* **Material for this task**:
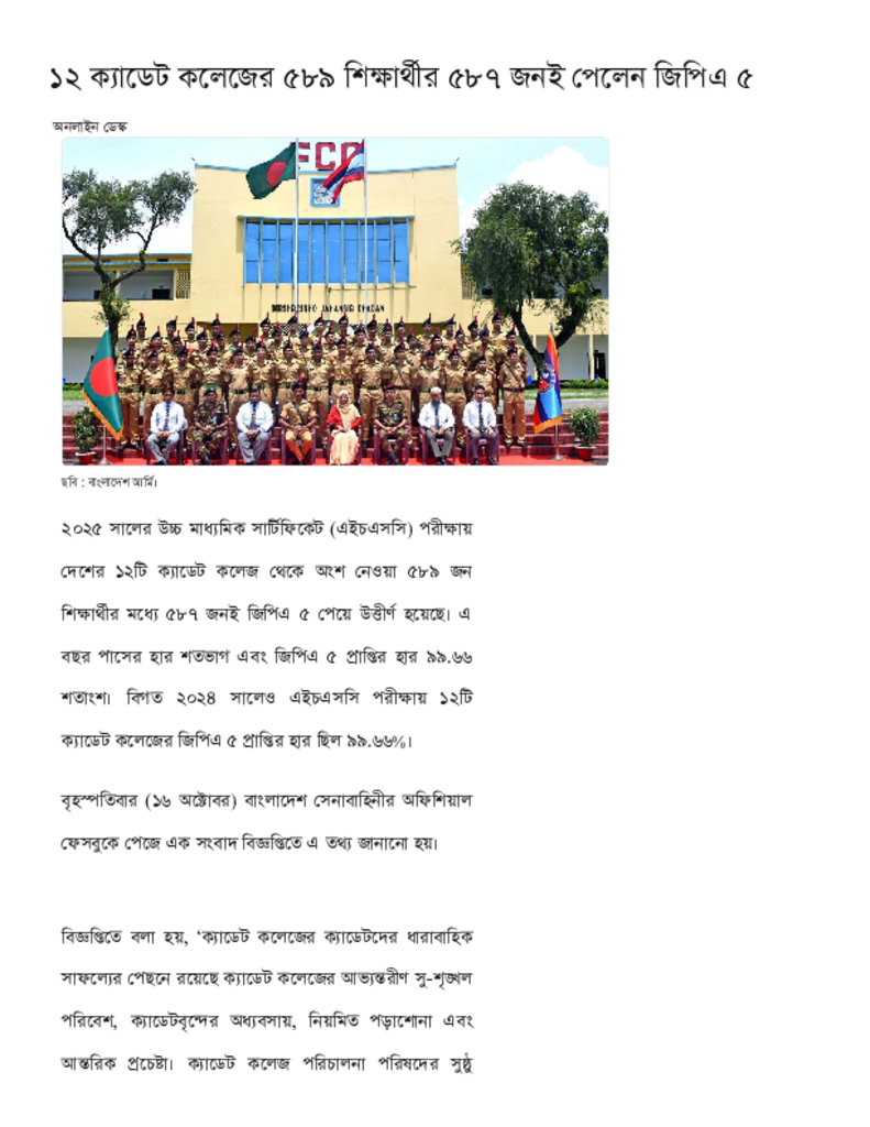 ১২ ক্যাডেট কলেজের ৫৮৯ শিক্ষার্থীর ৫৮৭ জনই পেলেন জিপিএ ৫.pdf Published on 16 October 2025 Newspaper দৈনিক কালের কন্ঠ Category Public Examination Download
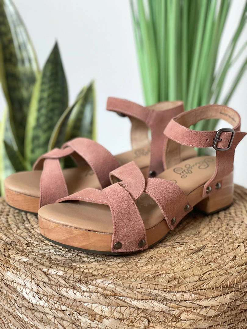 The Strausse sandal is a customer favorite because of it’s style and comfort. This darling sandal features a small wooden heel and a thick comfort footbed. Genuine rose suede upper and a knotted accent finish this sandal off perfectly!
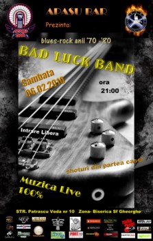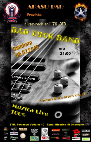 Sâmbătă, 6 februarie 2010, ora 21:00, trupa Bad Luck Band ne invită la un concert de cover-uri la Apasu Bar din Bucureşti.
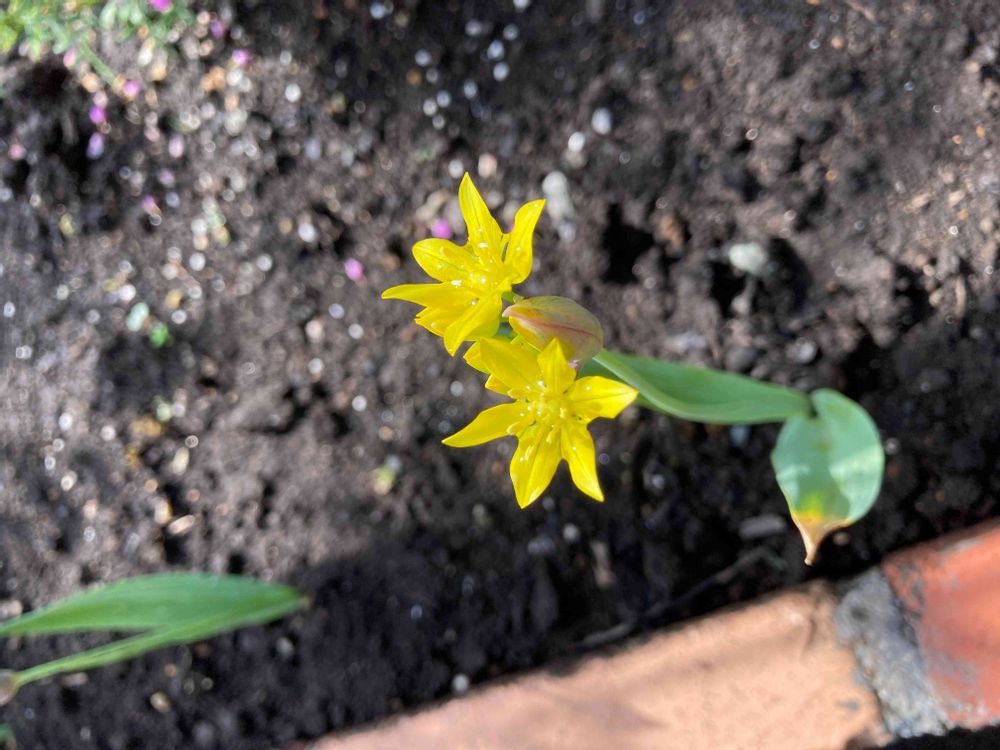 芽が出ないので諦めていたら、黄色い花が咲きました。
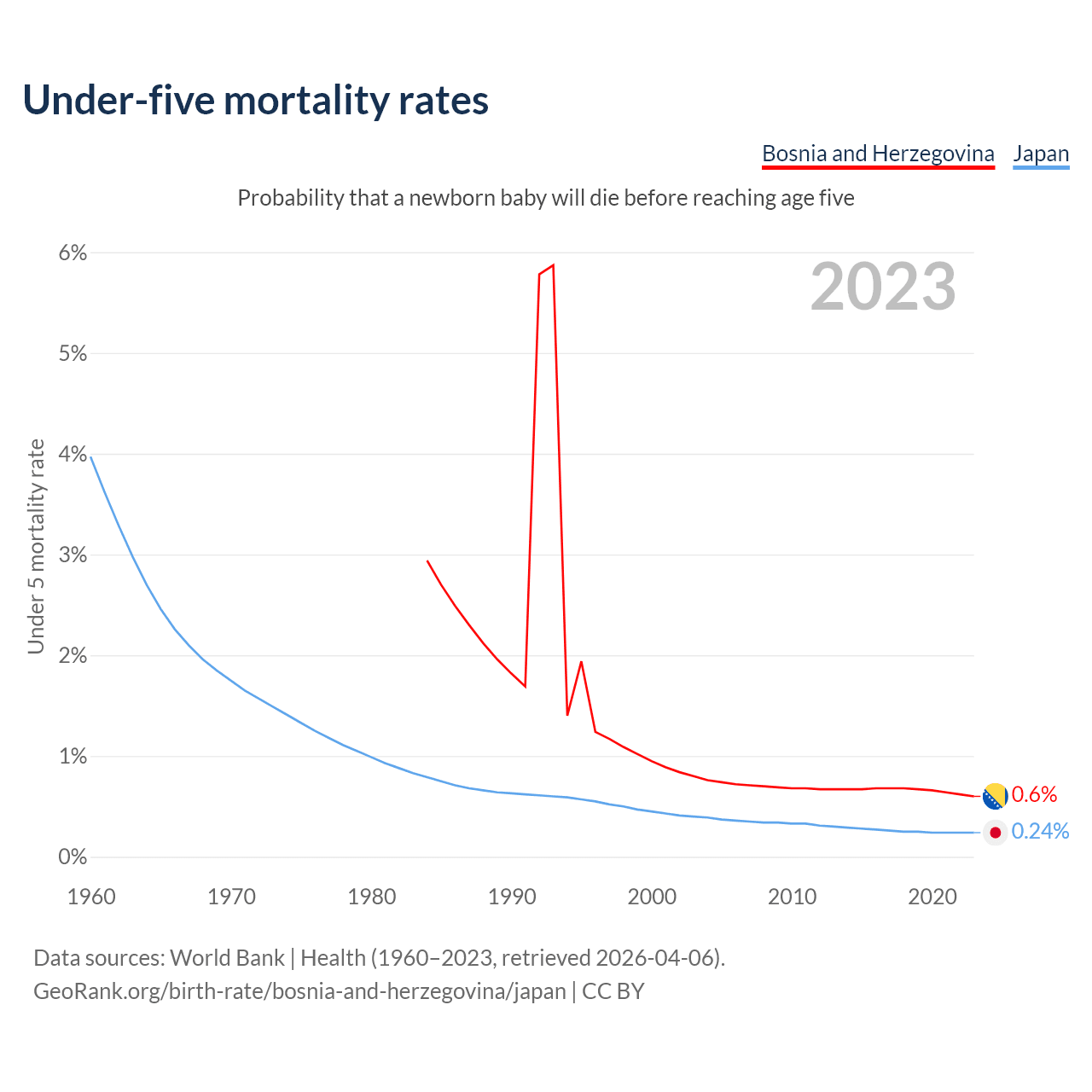 The chance that a newborn baby will die before reaching age five is 0.6% in Bosnia and Herzegovina and 0.24% in Japan. Above is a chart with historical data on under-five mortality rates.

* **Work instructions**: The records above should be repeated exactly, with no pictures in the copy.

* **Written reply**:
 ১২ ক্যাডেট কলেজের ৫৮৯ শিক্ষার্থীর ৫৮৭ জনই পেলেন জিপিএ ৫.pdf Published on 16 October 2025 Newspaper দৈনিক কালের কন্ঠ Category Public Examination Download
 The Strausse sandal is a customer favorite because of it’s style and comfort. This darling sandal features a small wooden heel and a thick comfort footbed. Genuine rose suede upper and a knotted accent finish this sandal off perfectly!
 Sâmbătă, 6 februarie 2010, ora 21:00, trupa Bad Luck Band ne invită la un concert de cover-uri la Apasu Bar din Bucureşti.
 芽が出ないので諦めていたら、黄色い花が咲きました。
 The chance that a newborn baby will die before reaching age five is 0.6% in Bosnia and Herzegovina and 0.24% in Japan. Above is a chart with historical data on under-five mortality rates.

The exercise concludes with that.